2) Tommy Farmer cast pro 13' 3-5oz. (One I just now got from you).
1) CTS 13'6" 5-8 oz.
2) CTS 13'6" 3-6 oz. (one spin and one conventional)

My type of surf fishing ALWAYS without exception is to go to the beach, 
throw out a 5-6 oz lead with a 3 hook rig with sand fleas hooked on the 
hooks with the target fish a pompano.

The rods when cast out are then placed in a sand spike.

All of my rods are wrapped for conventional and have ambassadur 6500 c3 
ct mag elite reels loaded with 14lb Suffix Tritainium plus.

One of the CTS 3-6 is wrapped spin, has a Diawa Saltiga Surf 4500 with 
15lb braid.

I have to make some REAL long casts frequently.

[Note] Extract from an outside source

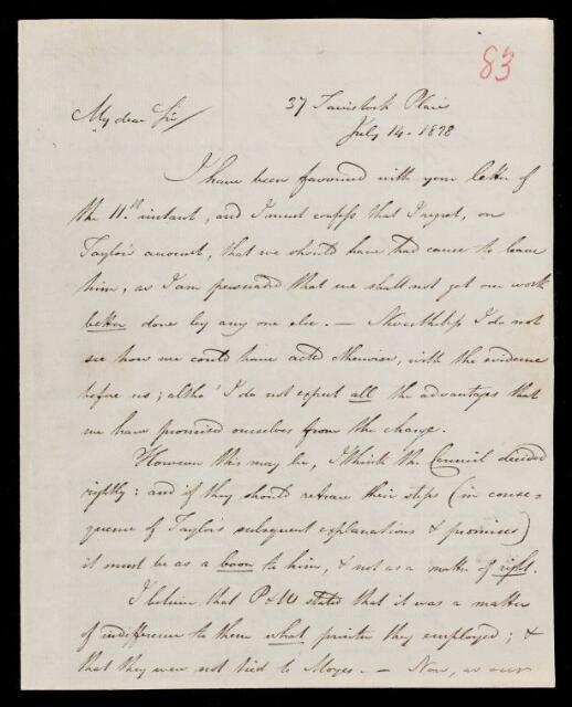 Letter, from Francis Baily to Sir John Herschel, dated at 37 Tavistock Place

I am able to way outcast 
the lamiglass guys with all of these rods.

When the rod is in the spike I put some tensison on the line until I get 
a little bend in the rod. Now, bite detection is really really important. 

With the CTS, there is extremely poor bite detection, in fact the bite 
will often be so strong that the entire rod jumps around before I notice 
it.

I would rate these rods this way on a scale of 1-10 with one being the 
worst and 10 being the best:

Quality:
CTS- 6
AFAW Surf- 10
Cast Pro Series 13' 3-6oz- 10

Finish:
CTS- 1 (just a simple painted blank) paint comes off easily. bad bad bad 
bad bad!!!! REAL BAD
AFAW Surf- 10
Cast Pro Series 13' 3-6oz- 10

Price:
CTS- $266.
AFAW surf- $NA
Cast Pro Series 13' 3-6oz- $204.


Castability:
CTS- 10
AFAW Surf- 8
Cast Pro Series 13' 3-6oz- 9.5 seems to have a little bit more backbone.

Rod recovery after cast:
CTS- 10
AFAW Surf- 7
Cast Pro Series 13' 3-6oz- 8

Bite detection:
CTS- 1
AFAW Surf- 10
Cast Pro Series 13' 3-6oz- 10

Every chance I get I tell people that the CTS is ok if you are casting a 
lure, but not if you are looking for bite detection.

I got my first two AFAW rods made by Steve Austin...didnt like the 
workmanship of the build but the rods were great. Then they became 
extinct here in the US. I was fortunate and found another AFAW surf 
blank that Barry Weaver had and I bought it from him. I was dreading 
the day that one of them broke or something happened to them because 
they are my 3 go to rods that I take every time I fish. Then I heard 
about Tommys rods he was coming out with, I asked him his thoughts on 
comparisons and he said it good.
Well, I pre ordered one from him, wrapped it and it now goes to the 
beach everytime with me too. His rods will sell like crazy. They are 
wonderful.
You can compare them to the AFAW surf but I can put a size 22 trigger 
grip on Tommys rod where the afaw and cts takes a size 24. 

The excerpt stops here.